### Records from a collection
------------

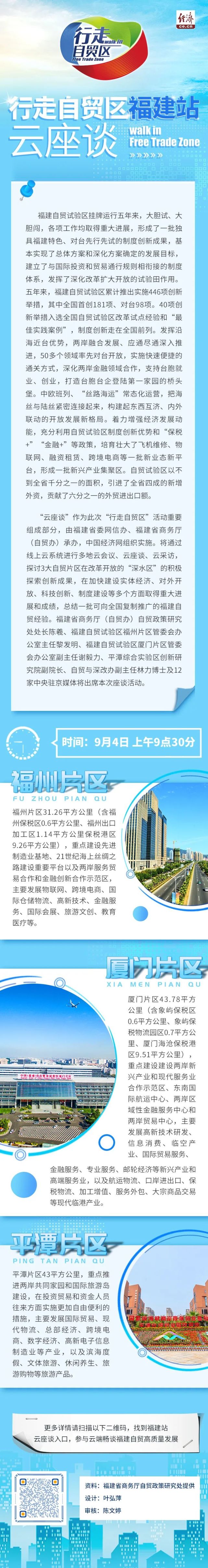 “云座談”作為此次“行走自貿(mào)區(qū)”活動(dòng)重要組成部分,由福建省委網(wǎng)信辦、福建省商務(wù)廳(自貿(mào)辦)承辦,中國(guó)經(jīng)濟(jì)網(wǎng)組織實(shí)施。將通過線上云系統(tǒng)進(jìn)行多地云會(huì)議、云座談、云采訪,探討3大自貿(mào)片區(qū)在改革開放的“深水區(qū)”的積極探索創(chuàng)新成果,在加快建設(shè)實(shí)體經(jīng)濟(jì)、對(duì)外開放、科技創(chuàng)新、制度建設(shè)等多個(gè)方面取得重大進(jìn)展和成績(jī),總結(jié)一批可向全國(guó)復(fù)制推廣的福建自貿(mào)經(jīng)驗(yàn)。福建省商務(wù)廳(自貿(mào)辦)自貿(mào)政策研究處處長(zhǎng)陳羲、福建自貿(mào)試驗(yàn)區(qū)福州片區(qū)管委會(huì)辦公室主任黎發(fā)明、福建自貿(mào)試驗(yàn)區(qū)廈門片區(qū)管委會(huì)辦公室副主任謝毅力、平潭綜合實(shí)驗(yàn)區(qū)創(chuàng)新研究院副院長(zhǎng)、自貿(mào)與深改辦副主任林力博士及12家中央駐京媒體將出席本次座談活動(dòng)。
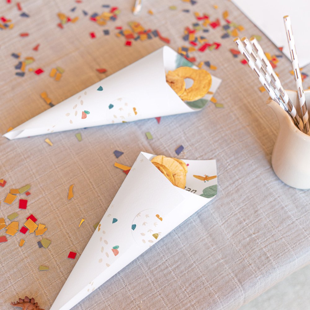 Streamers and party poppers to make your party go with a bang, packs of coloured pencils for creative workshops, sweet treats such as popcorn or marshmallows, mini gifts... the possibilities are endless for filling your cones with little surprises to delight your party guests!
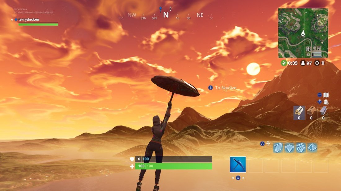 A few weeks ago I finally gave in and tried out Fortnite. Unfortunately for me, it turns out the game is as highly addictive as I had heard, and my initial plan to check in every now and then has led to about 30 hours of battle royales (and 5 very awesome victory royales) over the past 3 weeks. One of my favorite places on the map has been the super-villain lair/missile silo located inside of a mountain to the northeast of Snobby Shores. There always seems to be great loot there and there aren't often many others landing there, so it's a solid starting point. Starting yesterday, all TVs in the game began a countdown to 1:30 pm EST when the missiles would launch, so I decided to go watch the fireworks happen. Here's what I saw.
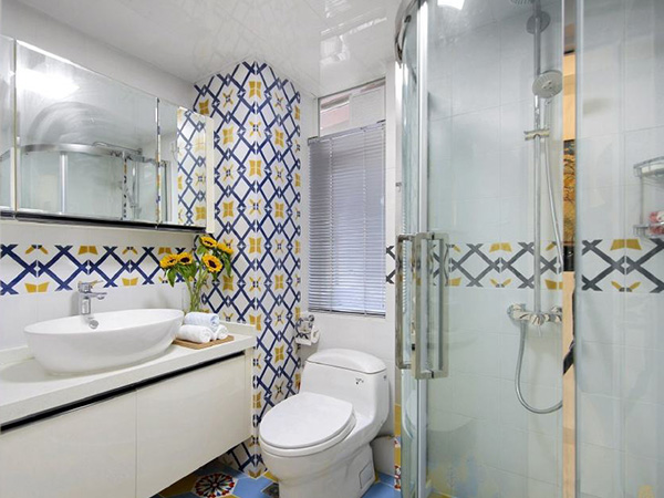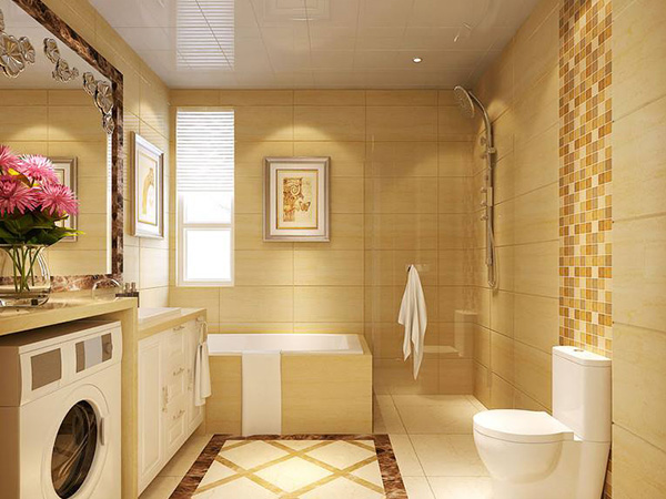 洗手間大多是用瓷磚來做墻面和地面裝飾,在選購墻磚時需要注意耐水性,以及釉面質量,墻磚在一定程度上也起到防水效果。地磚顏色建議深色系,耐污染,並保證磚的質量。
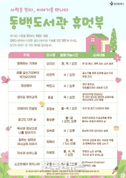 (원투원뉴스) 용인특례시 동백도서관은 오는 4월 1일부터 ‘휴먼북’ 프로그램을 정비해 본격 운영한다고 23일 밝혔다.
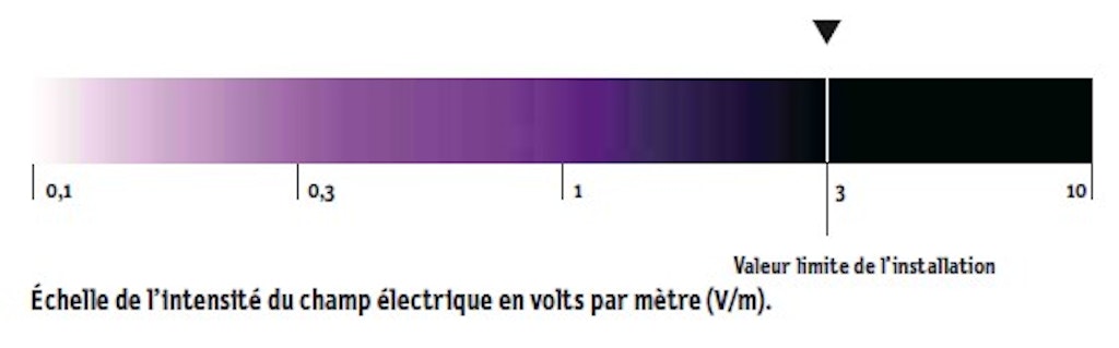 - 8.5 volts par mètre (V/m) pour les émetteurs à ondes moyennes,
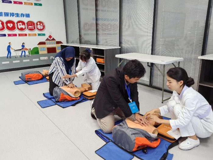 借助贵州护理职业技术学院得天独厚的地理优势,立足办学特色,依托“一寨一区四基地”,即一寨:中国少数民族特色村寨——音寨;一区:国家AAAA级风景名胜区——金海雪山;四基地:急危重症虚拟仿真产教融合实训基地、贵州省科普教育基地、贵州省中小学生职业体验基地、贵州省中华优秀传统文化传承基地。实施“学院+旅游资源”模式,校旅结合,打造学院国际人文交流研学品牌。首先,研学团前往教育部职业教育示范性虚拟仿真实训基地——急危重症虚拟仿真产教融合实训基地。师生详细介绍并演示了沉浸式灾难急救训练系统、创伤救护CR体验项目、蛇咬伤桌面式急救游戏、虚拟ICU,并讲授《Cardiopulmonary Resuscitation 》课程。期间,学生进行了心肺复苏展示、研学团代表进行VR体验和心肺复苏模拟练习。他们对虚拟仿真资源给学习带来的新体验,赞不绝口。

------------

### To do
For this exercise, transcribe the data exactly but without its pictures.

### The completed task
 “云座談”作為此次“行走自貿(mào)區(qū)”活動(dòng)重要組成部分,由福建省委網(wǎng)信辦、福建省商務(wù)廳(自貿(mào)辦)承辦,中國(guó)經(jīng)濟(jì)網(wǎng)組織實(shí)施。將通過線上云系統(tǒng)進(jìn)行多地云會(huì)議、云座談、云采訪,探討3大自貿(mào)片區(qū)在改革開放的“深水區(qū)”的積極探索創(chuàng)新成果,在加快建設(shè)實(shí)體經(jīng)濟(jì)、對(duì)外開放、科技創(chuàng)新、制度建設(shè)等多個(gè)方面取得重大進(jìn)展和成績(jī),總結(jié)一批可向全國(guó)復(fù)制推廣的福建自貿(mào)經(jīng)驗(yàn)。福建省商務(wù)廳(自貿(mào)辦)自貿(mào)政策研究處處長(zhǎng)陳羲、福建自貿(mào)試驗(yàn)區(qū)福州片區(qū)管委會(huì)辦公室主任黎發(fā)明、福建自貿(mào)試驗(yàn)區(qū)廈門片區(qū)管委會(huì)辦公室副主任謝毅力、平潭綜合實(shí)驗(yàn)區(qū)創(chuàng)新研究院副院長(zhǎng)、自貿(mào)與深改辦副主任林力博士及12家中央駐京媒體將出席本次座談活動(dòng)。
 Streamers and party poppers to make your party go with a bang, packs of coloured pencils for creative workshops, sweet treats such as popcorn or marshmallows, mini gifts... the possibilities are endless for filling your cones with little surprises to delight your party guests!
 A few weeks ago I finally gave in and tried out Fortnite. Unfortunately for me, it turns out the game is as highly addictive as I had heard, and my initial plan to check in every now and then has led to about 30 hours of battle royales (and 5 very awesome victory royales) over the past 3 weeks. One of my favorite places on the map has been the super-villain lair/missile silo located inside of a mountain to the northeast of Snobby Shores. There always seems to be great loot there and there aren't often many others landing there, so it's a solid starting point. Starting yesterday, all TVs in the game began a countdown to 1:30 pm EST when the missiles would launch, so I decided to go watch the fireworks happen. Here's what I saw.
 洗手間大多是用瓷磚來做墻面和地面裝飾,在選購墻磚時需要注意耐水性,以及釉面質量,墻磚在一定程度上也起到防水效果。地磚顏色建議深色系,耐污染,並保證磚的質量。
 (원투원뉴스) 용인특례시 동백도서관은 오는 4월 1일부터 ‘휴먼북’ 프로그램을 정비해 본격 운영한다고 23일 밝혔다.
 - 8.5 volts par mètre (V/m) pour les émetteurs à ondes moyennes,
 借助贵州护理职业技术学院得天独厚的地理优势,立足办学特色,依托“一寨一区四基地”,即一寨:中国少数民族特色村寨——音寨;一区:国家AAAA级风景名胜区——金海雪山;四基地:急危重症虚拟仿真产教融合实训基地、贵州省科普教育基地、贵州省中小学生职业体验基地、贵州省中华优秀传统文化传承基地。实施“学院+旅游资源”模式,校旅结合,打造学院国际人文交流研学品牌。首先,研学团前往教育部职业教育示范性虚拟仿真实训基地——急危重症虚拟仿真产教融合实训基地。师生详细介绍并演示了沉浸式灾难急救训练系统、创伤救护CR体验项目、蛇咬伤桌面式急救游戏、虚拟ICU,并讲授《Cardiopulmonary Resuscitation 》课程。期间,学生进行了心肺复苏展示、研学团代表进行VR体验和心肺复苏模拟练习。他们对虚拟仿真资源给学习带来的新体验,赞不绝口。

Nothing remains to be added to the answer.